**Task instructions**:
Would you return, word for word, the lines of the data below from the line with "The burger is" through the line with "Akkodis helps organizations", and no others?
--- Recorded data ---
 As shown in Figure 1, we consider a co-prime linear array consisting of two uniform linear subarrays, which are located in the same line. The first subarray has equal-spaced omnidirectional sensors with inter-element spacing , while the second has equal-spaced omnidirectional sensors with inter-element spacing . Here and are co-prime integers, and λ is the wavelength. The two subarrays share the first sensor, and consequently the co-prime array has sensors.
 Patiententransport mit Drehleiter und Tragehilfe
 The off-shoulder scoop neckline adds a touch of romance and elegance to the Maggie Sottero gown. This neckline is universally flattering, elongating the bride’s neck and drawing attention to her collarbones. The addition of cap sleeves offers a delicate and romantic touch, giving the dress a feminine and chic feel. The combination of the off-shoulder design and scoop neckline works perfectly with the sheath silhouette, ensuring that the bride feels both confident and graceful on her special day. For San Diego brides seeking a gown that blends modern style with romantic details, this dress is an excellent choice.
---
--- Recorded data ---
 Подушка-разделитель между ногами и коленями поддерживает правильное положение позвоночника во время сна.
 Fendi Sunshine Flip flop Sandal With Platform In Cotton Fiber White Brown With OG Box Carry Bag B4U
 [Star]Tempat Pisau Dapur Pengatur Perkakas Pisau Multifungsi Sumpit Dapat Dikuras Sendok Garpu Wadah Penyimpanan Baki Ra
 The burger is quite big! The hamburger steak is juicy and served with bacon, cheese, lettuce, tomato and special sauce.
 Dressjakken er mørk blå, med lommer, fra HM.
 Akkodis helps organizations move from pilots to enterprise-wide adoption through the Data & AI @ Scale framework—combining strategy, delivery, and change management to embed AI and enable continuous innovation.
---
**Written answer**:
 The burger is quite big! The hamburger steak is juicy and served with bacon, cheese, lettuce, tomato and special sauce.
 Dressjakken er mørk blå, med lommer, fra HM.
 Akkodis helps organizations move from pilots to enterprise-wide adoption through the Data & AI @ Scale framework—combining strategy, delivery, and change management to embed AI and enable continuous innovation.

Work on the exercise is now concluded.